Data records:
Segment Open

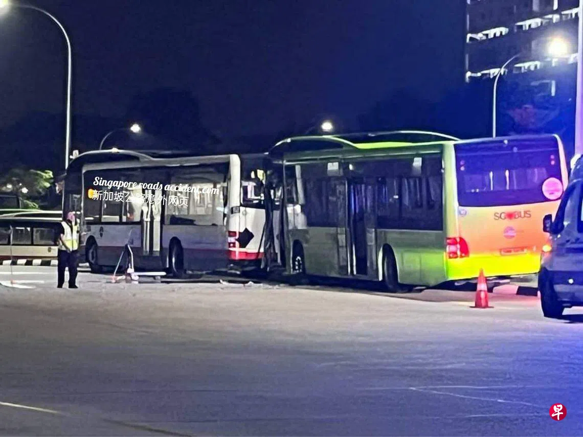 根据社交媒体流传的照片,两辆巴士一前一后撞在一起。后方的绿色巴士损毁较严重,车门似乎被压扁,前方的白色车辆尾灯部分碎裂。事发后,现场来了至少两辆救护车。
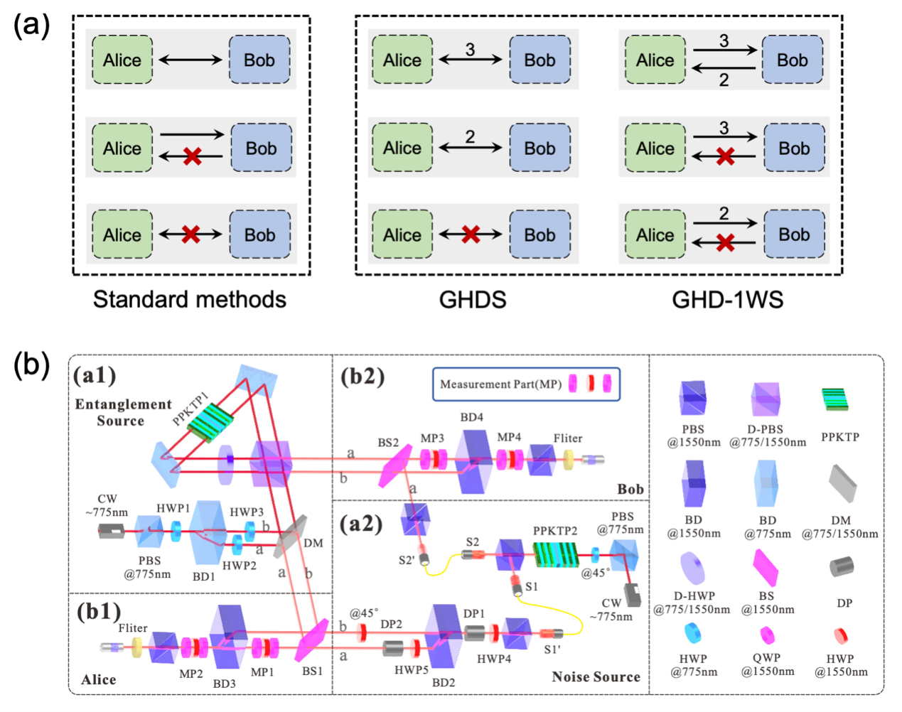 (a)高维单向量子导引新结构;(b)基于路径-偏振自由度高维纠缠系统的实验观测装置
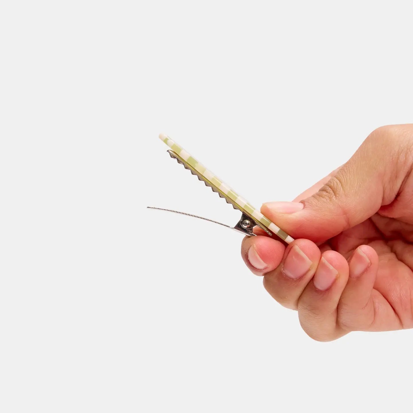 A perfect pair of alligator clips. Small metal teeth provide a strong hold with no snag. Ideal for all hair types and lengths. Great for taming bangs and flyaways. Made from high-quality acetate; a durable, plant-based bio-plastic. Metal hardware is lead and nickel-free. Slight variations will appear with pattern, color, and form due to the handmade nature of the product.
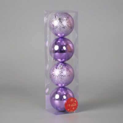 Ёлочные игрушки «Классика», шары новогодние, набор 4 шт., d=8 см, сиреневый. Набор елочных игрушек «Классика» из 4 пластиковых шаров диаметром 8 см в изысканном сиреневом исполнении. Эти однотонные украшения идеально подойдут для создания стильного и утонченного образа новогодней елки в стиле шебби-шик. Прекрасный выбор для тех, кто предпочитает простоту и элегантность в праздничном декоре. Преимущества <ul> <li> Многоразовое использование благодаря прочности пластика.</li> <li> Легкие, удобные в размещении и перемещении на елке.</li> <li> Устойчивы к падениям и не трескаются.</li> <li> Подойдут для украшения любых пространств, как дома, так и в офисе.</li> <li> Простота хранения благодаря компактному размеру.</li> <li> Экологичные, безопасные для детей и домашних животных.</li> <li> Идеальная поверхность для самостоятельного декорирования.</li> <li> Сочетаются с любыми другими украшениями и элементами декора.</li> </ul> Эмоции и призыв к действию Погрузитесь в волшебство Нового года, создавая атмосферу уюта и радости. Эти игрушки подарят вам истинное новогоднее чудо. Преображайте ваш дом с классическими и надежными решениями. Украшайте с удовольствием, радуйте себя и своих близких. Ваш идеальный праздник начинается с правильного выбора.
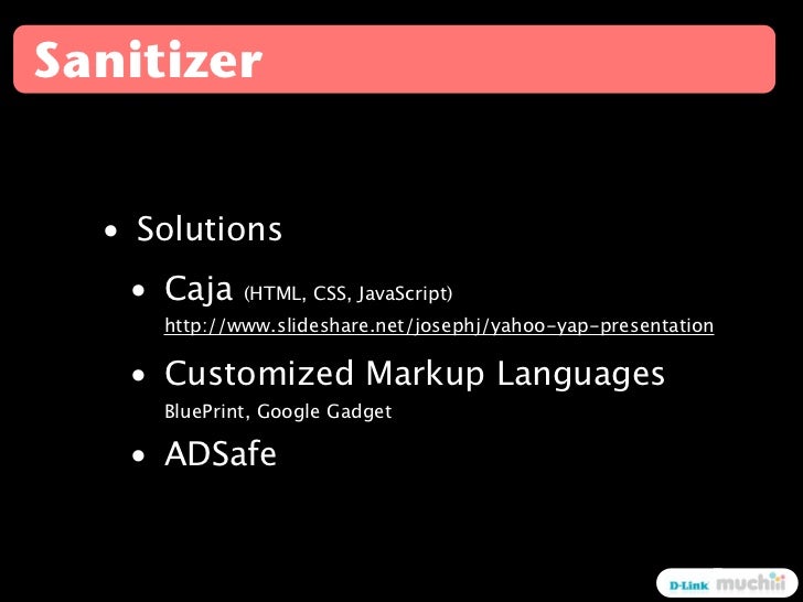 16. 16. Sanitizer • Solutions • Caja (HTML, CSS, JavaScript) http://www.slideshare.net/josephj/yahoo-yap-presentation • Customized Markup Languages BluePrint, Google Gadget • ADSafe
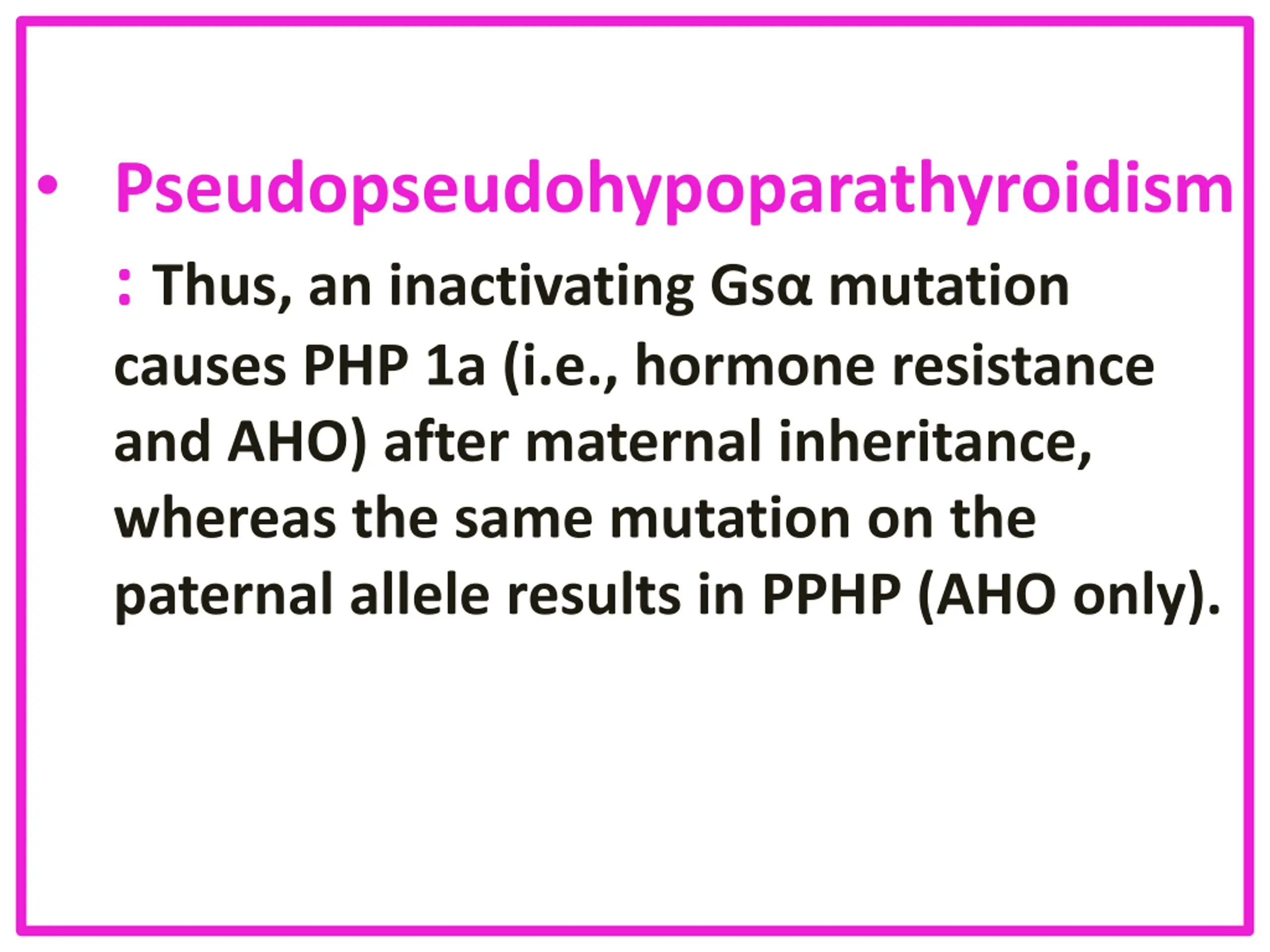 Pseudopseudohypoparathyroidism : Thus, an inactivating Gs mutation causes PHP 1a (i.e., hormone resistance and AHO) after maternal inheritance, whereas the same mutation on the paternal allele results in PPHP (AHO only).

Segment Closed

ACTIVITY:
Repeat every record above exactly. The pictures do not belong in the copy.

ANSWER BOX:
 根据社交媒体流传的照片,两辆巴士一前一后撞在一起。后方的绿色巴士损毁较严重,车门似乎被压扁,前方的白色车辆尾灯部分碎裂。事发后,现场来了至少两辆救护车。
 (a)高维单向量子导引新结构;(b)基于路径-偏振自由度高维纠缠系统的实验观测装置
 A perfect pair of alligator clips. Small metal teeth provide a strong hold with no snag. Ideal for all hair types and lengths. Great for taming bangs and flyaways. Made from high-quality acetate; a durable, plant-based bio-plastic. Metal hardware is lead and nickel-free. Slight variations will appear with pattern, color, and form due to the handmade nature of the product.
 Ёлочные игрушки «Классика», шары новогодние, набор 4 шт., d=8 см, сиреневый. Набор елочных игрушек «Классика» из 4 пластиковых шаров диаметром 8 см в изысканном сиреневом исполнении. Эти однотонные украшения идеально подойдут для создания стильного и утонченного образа новогодней елки в стиле шебби-шик. Прекрасный выбор для тех, кто предпочитает простоту и элегантность в праздничном декоре. Преимущества <ul> <li> Многоразовое использование благодаря прочности пластика.</li> <li> Легкие, удобные в размещении и перемещении на елке.</li> <li> Устойчивы к падениям и не трескаются.</li> <li> Подойдут для украшения любых пространств, как дома, так и в офисе.</li> <li> Простота хранения благодаря компактному размеру.</li> <li> Экологичные, безопасные для детей и домашних животных.</li> <li> Идеальная поверхность для самостоятельного декорирования.</li> <li> Сочетаются с любыми другими украшениями и элементами декора.</li> </ul> Эмоции и призыв к действию Погрузитесь в волшебство Нового года, создавая атмосферу уюта и радости. Эти игрушки подарят вам истинное новогоднее чудо. Преображайте ваш дом с классическими и надежными решениями. Украшайте с удовольствием, радуйте себя и своих близких. Ваш идеальный праздник начинается с правильного выбора.
 16. 16. Sanitizer • Solutions • Caja (HTML, CSS, JavaScript) http://www.slideshare.net/josephj/yahoo-yap-presentation • Customized Markup Languages BluePrint, Google Gadget • ADSafe
 Pseudopseudohypoparathyroidism : Thus, an inactivating Gs mutation causes PHP 1a (i.e., hormone resistance and AHO) after maternal inheritance, whereas the same mutation on the paternal allele results in PPHP (AHO only).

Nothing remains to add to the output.